胡和平在致辞中谈到,故宫是中华民族文化瑰宝,是中国古代宫殿建筑集大成者,是国内收藏文物数量最多、等级最高的博物馆,是世界著名遗产地、旅游目的地。本次展览集中展示紫禁城600年建筑、艺术、文化成就和故宫博物院近年工作成果,既让人们有机会从遗产地和博物馆双重视角认识紫禁城文化价值,又能满足常态化疫情防控背景下人们的文化需求、旅游意愿。
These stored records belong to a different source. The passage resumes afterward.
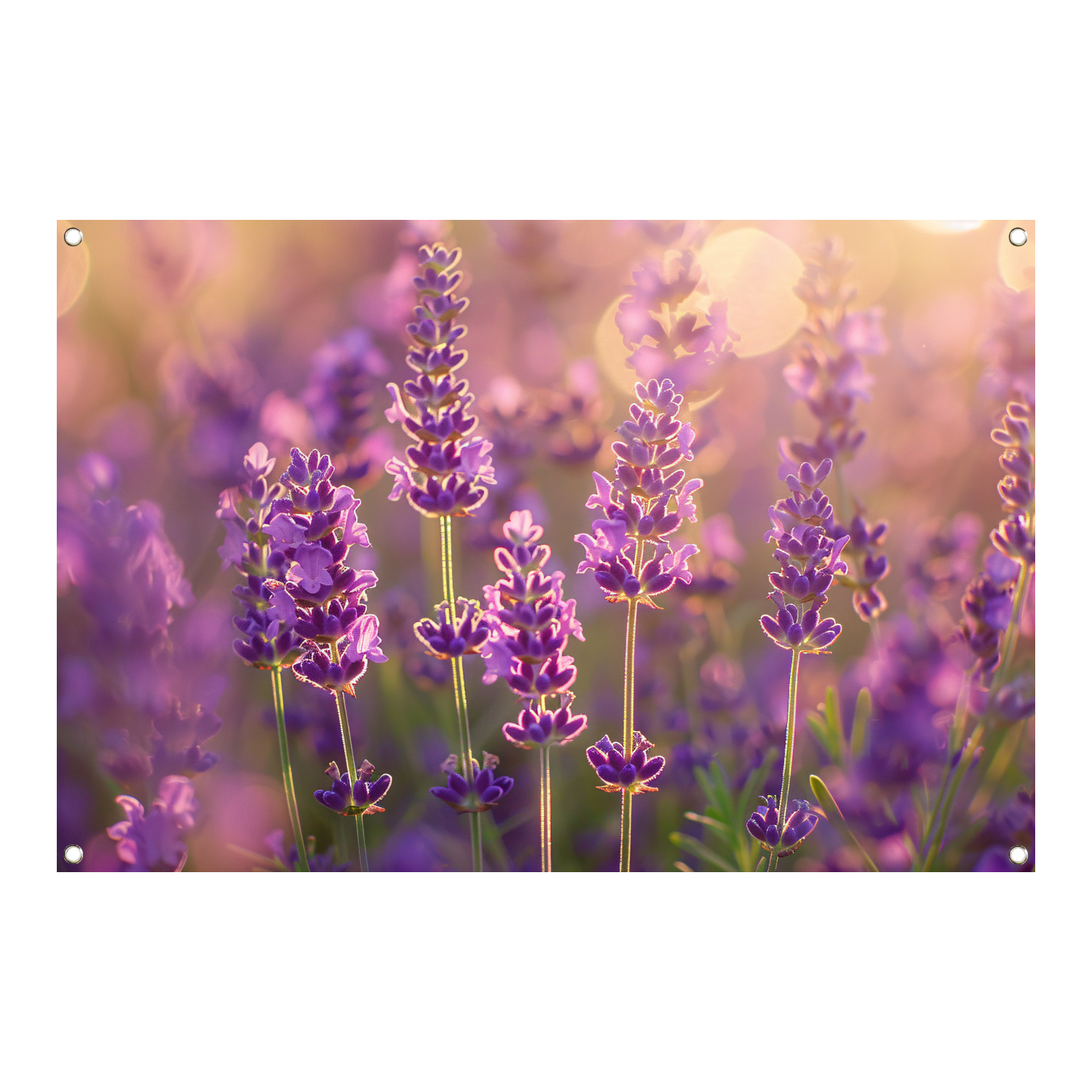 Betoverende zonsondergang over een lavendelveld tuinposter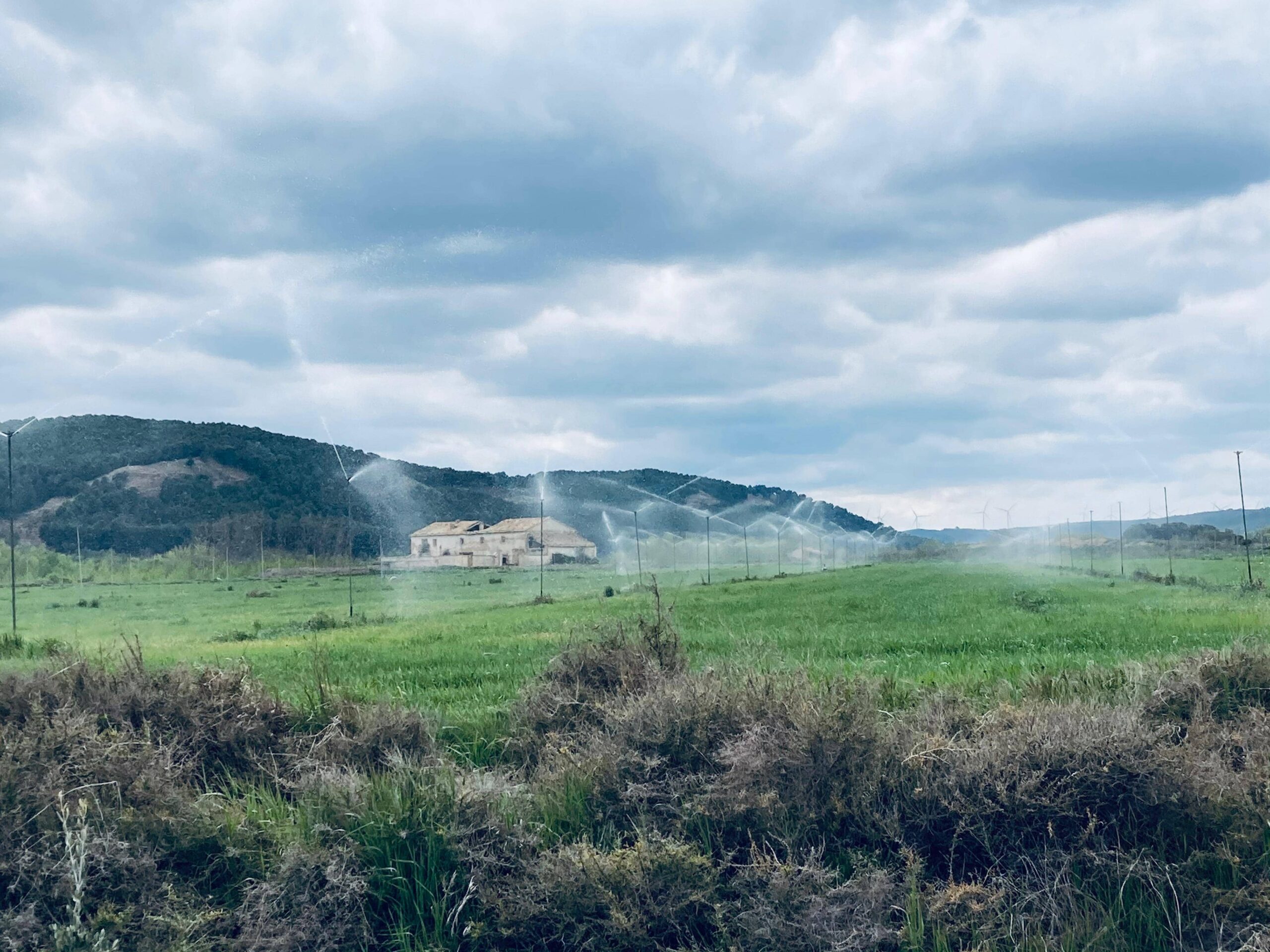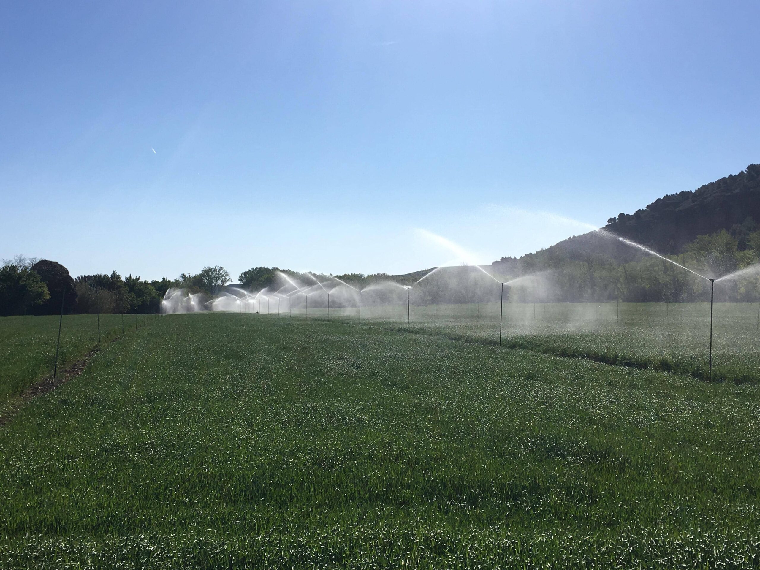 una finca de regadío equipada con sistemas de aspersión que aprovechan el agua de forma eficiente.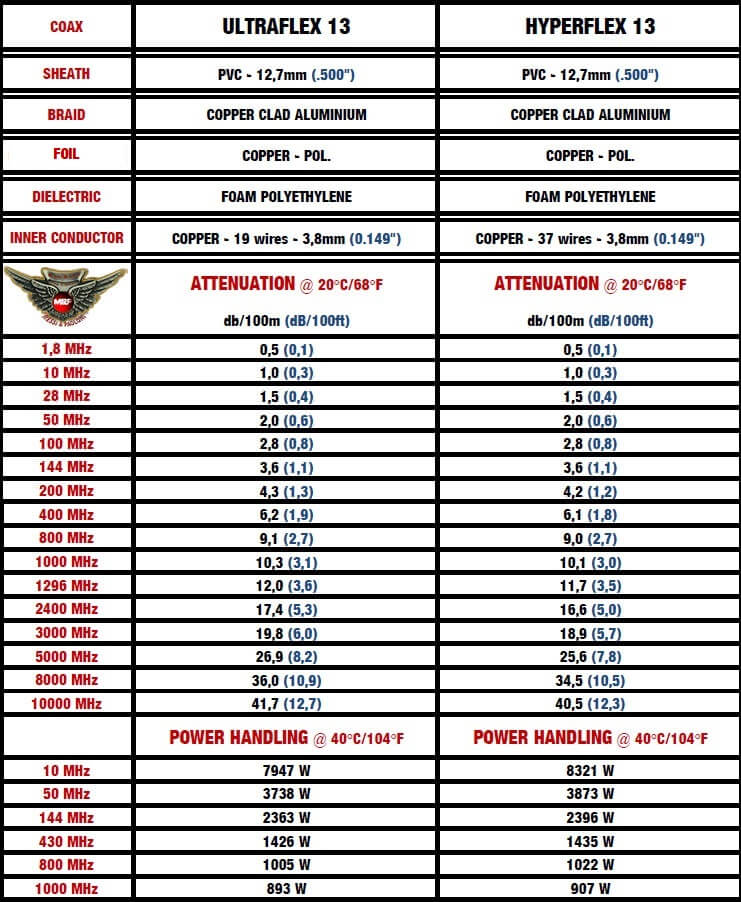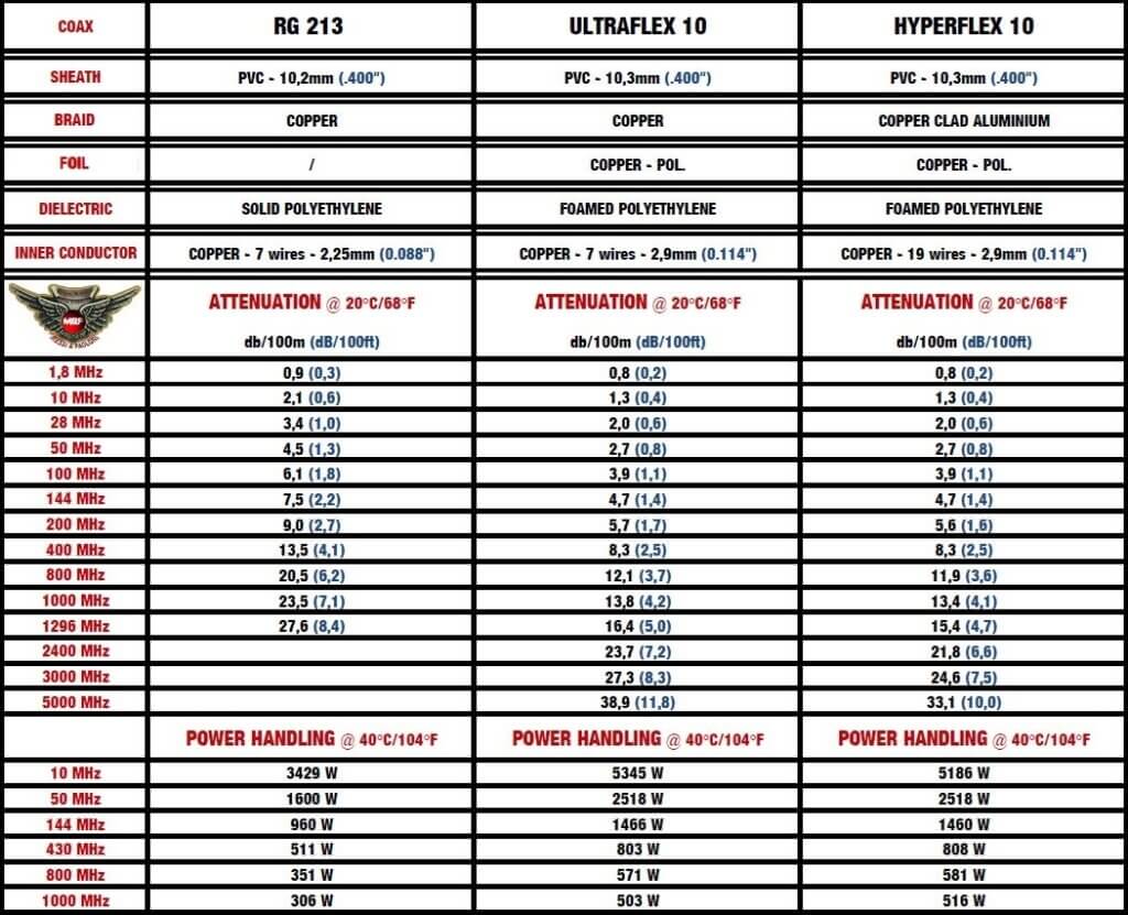 If it’s true that Ultraflex 7 is better than RG213 despite a smaller diameter,  just imagine the difference with ULTRAFLEX 10 and HYPERFLEX 10 which have the same overall diameter of 10,3mm (.400″). The duel in attenuation leaves no room for comparison.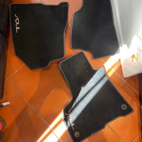 Bmw i3 bilmatte sett, inkludert matter for både foran og bak i bilen. Materialet er slitesterkt og designet for å passe spesifikt til Volkswagen-modeller. Fargen er mørk, og mattene er utformet for å beskytte bilens gulv mot smuss og slitasje.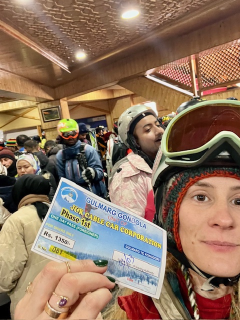 Despite being an absolutely prime, blue bird day, the next day, the gondola was not operating (the only way to get up the mountain). We couldn’t believe it. Hundreds of people stood around the lodge hoping that it would open. We heard rumors that there was a technical issue. Then we heard that if the mountain didn’t open by 12, it wouldn’t open at all. Then we heard that they weren’t going to open the mountain because the tourists wouldn’t have enough time to get up the mountain, take pictures, and come back down before end of the day. It was all very confusing and so different than mountain operations in the US. We texted our ski guide, the tour guide, and the King of the Mountain to see what they could do. Shortly after (I have no idea if our texts made a difference), I noticed people starting to move toward the ticket counter and ran over there. The crowd closed in quickly. Picture a little concession stand with the rolldown cover. Then picture HUNDREDS of people crowed up against it. I was right behind one person who was right against the counter. Prime position. We waited and waited about 45 minutes, totally stuffed together in all of our snow clothes, just waiting. Eventually, the started to sell tickets. As soon as the guy in front of me got his tickets, I wedged myself into his place. The Indian men around me were taken aback, “whoa! You’re a strong woman, I didn’t expect that!” (Eye roll) Obviously they expected that they would just be able to push me out of the way. I said, “I’ve lived in India since August, I know how this works, I’m not losing my spot.” I got three gondola tickets and we started the fight in the gondola line.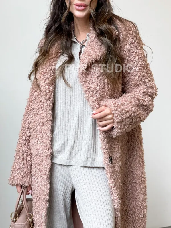 Шуба из экомеха в цвете пудра 100098
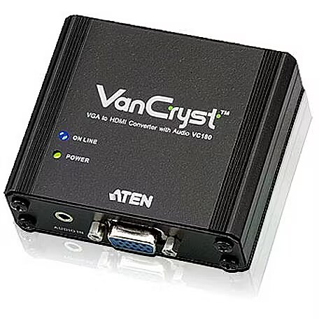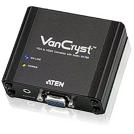 LongDesc - The VC180 is a VGA-to-HDMI Converter with Audio that lets you view VGA source data in an HDMI output display with stereo sound quality. It uses dual power sources – from the VGA port or a power adapter. The VC180 gets its power supply from the VGA port. However if your source device is not capable of supplying power, use the power adapter to connect the VC180 to a power source. The VC180 is compact, flexible and convenient to install – with no software required. Simply make the hardware connections and enjoy the experience.1x VC180 VGA to HDMI Converter with Audio 1x 0AD6-1605-09EG Power Adapter1x User Instructions

故宫博物院要坚持以习近平新时代中国特色社会主义思想为指导,立足自身定位,继往开来,不断增强为人类传承文明的责任感使命感,在保护传承中华优秀传统文化上下更大功夫,把老祖宗留下来的紫禁城、珍贵文物保存好保护好,把建筑、文物蕴涵的精神文化价值研究好阐释好,讲好中国故事,为坚定文化自信、增强国家文化软实力作出新的更大贡献。

 

  王旭东表示,2020年既是紫禁城建成600年,又是故宫博物院成立95周年。故宫为此筹办了40多项系列纪念活动,“丹宸永固——紫禁城建成六百年”展正是其中最重要的展览。感谢各方社会力量对故宫遗产保护事业的关心和支持,故宫将继续脚踏实地,强化博物馆管理和文化遗产保护研究,守正创新,传承好中华优秀传统文化。

  紫禁城始建于明朝永乐四年(1406年),永乐十八年(1420年)建成。紫禁城建筑继承唐宋规制,与城市功能、山水形势有机结合,是中国古代城市建设和宫殿营造思想的集中体现。在六百年的传承中,将“天人之际”“礼乐复合”的中国文化思想一以贯之地发扬光大,既体现出强烈的民族融合,亦有西学东渐的文化特质,是“有容乃大”文化胸怀的实物例证,是中华民族当之无愧的“大成之城”。

  宫殿建筑是中国古代建筑史中最辉煌的篇章,历来是中国古代营造的重点所在。紫禁城更是宫殿建筑发展的集大成者,不仅代表了当时建筑技术与艺术的最高水准,其巍峨壮丽的建筑群亦成为国家政权神圣庄严的象征。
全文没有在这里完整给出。